Quote (IceMage @ Dec 29 2023 07:16pm)
I can't read so many pages filled with Goom's essays so I may be asking a question already hashed out: why is Trump being convicted of another statute called "insurrection" or "rebellion" necessary to meet the standards of section 3 of the 14th amendment? The Constitution is law, we don't necessarily need another law to reaffirm the judgement of a court. Like, we don't have a statute in American law for every single definition of a word. If judges determine Trump is guilty of this part of the Constitution, why does he have to be guilty of another statute passed(or imagined) by Congress?

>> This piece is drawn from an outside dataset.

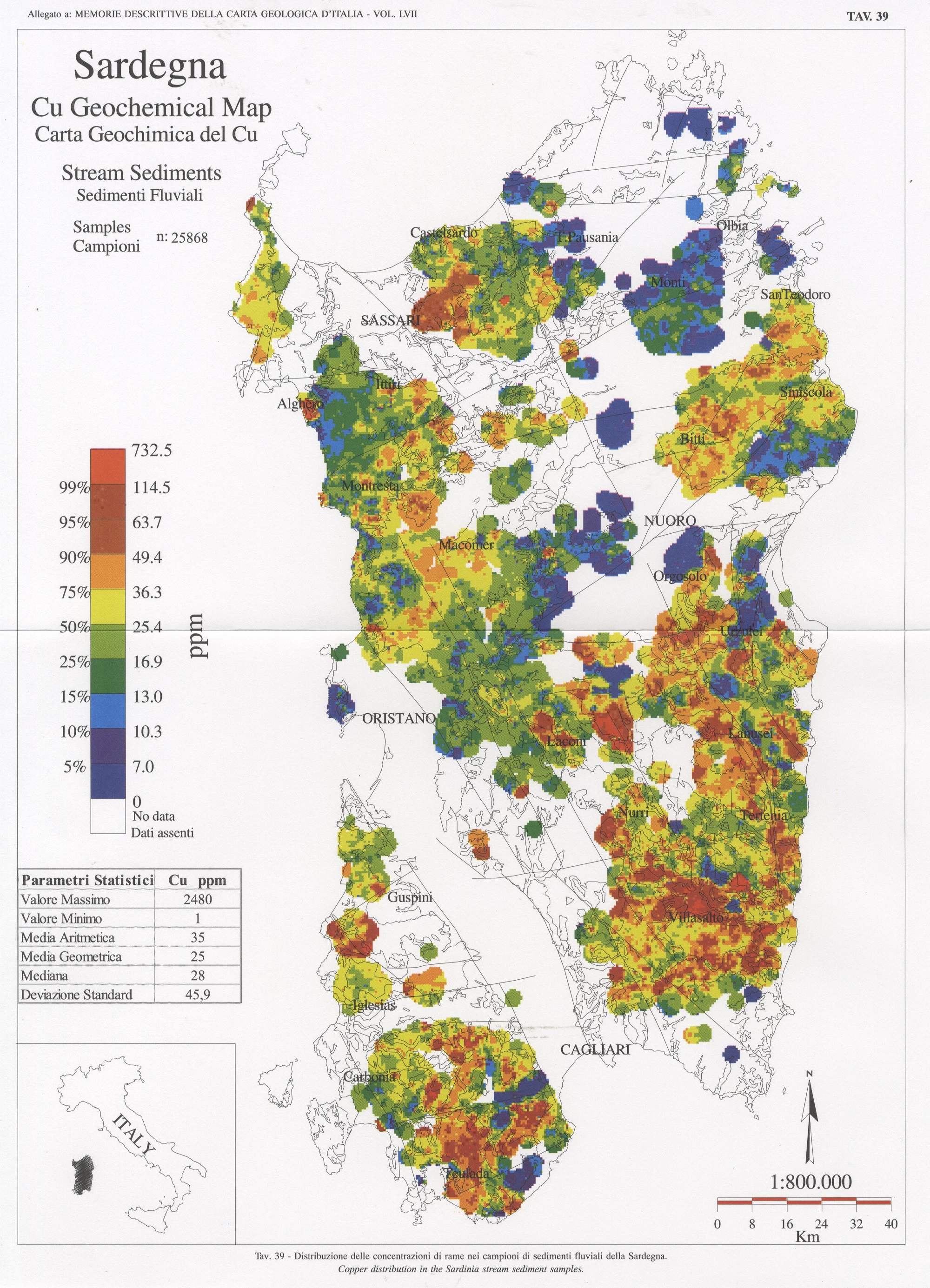 Tav. 39 - Distribuzione delle concentrazioni di rame nei campioni di sedimenti fluviali della Sardegna
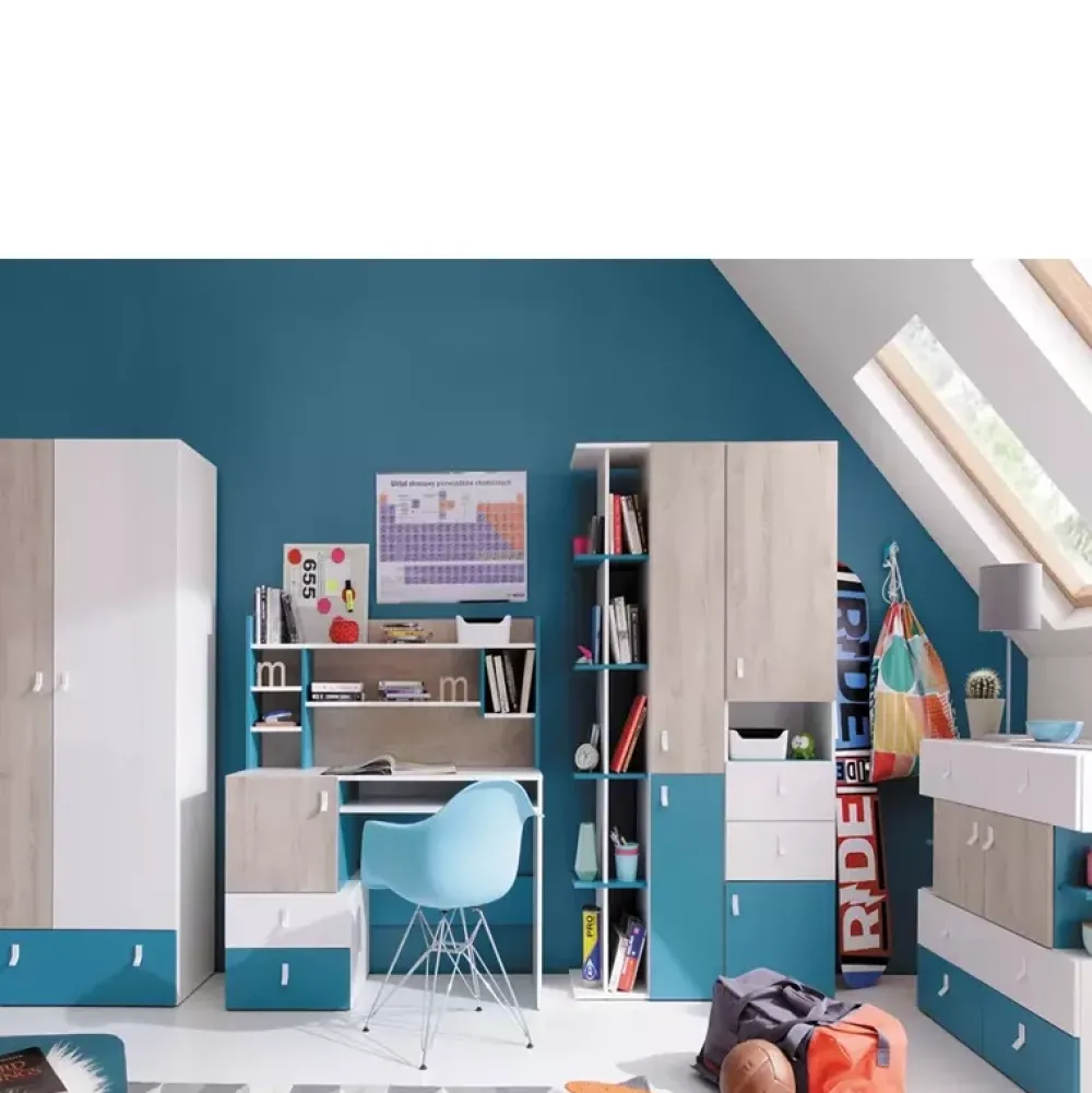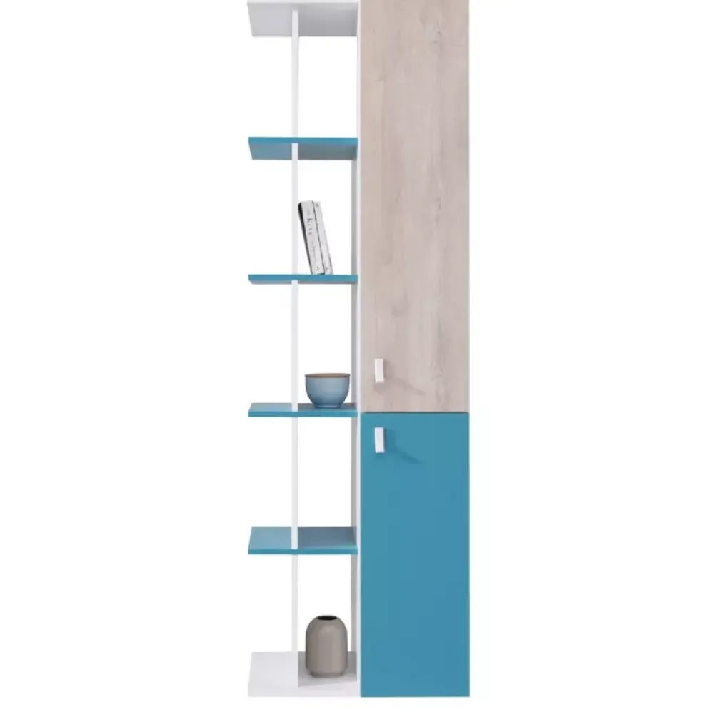- Wysoki regał z kolekcji młodzieżowych mebli systemowych PRESSCOT który idealnie sprawdza się w pokojach młodzieżowych. Regał został wyposażony we wiele otwartych półek, na których możesz umiejscowić swoje akcesoria, za drzwiami znajdują się trzy półki.

Those are issues being directly refuted in the appeals to SCOTUS- that the 14th amendment
isn't self-executing and
requires statutes to enforce it, which don't exist. You can google up "self-executing" and see a bunch of legal analysis on just that. That because separate statutes exist for "insurrection/rebellion" vs "obstruction of a legal proceeding", they can't be the same thing, and Trump was never charged with the former. That Trump has never been convicted of any of them so it doesn't matter, he can't have his constitutionally guaranteed rights stripped without due process. That section 3 of the 14th specifically lists offices and officers
below the president, which in all precedent has been taken to not apply to the president himself (he appoints officers, he's not one himself). That a judge in Colorado has no jurisdiction over events in DC, that they certainly have no federal jurisdiction to declare a president illegitimate, and a secretary of state is not even a judge and has no more power to declare Trump illegitimate than I do.
That's why I listed those bullet points in the last page, this whole debacle is so fruity on a legal level that its not one legal issues, they're shredding the whole constitution and separation of powers and every precedent along the way. SCOTUS is being asked which of like 20 different reasons they want to cite for striking this down.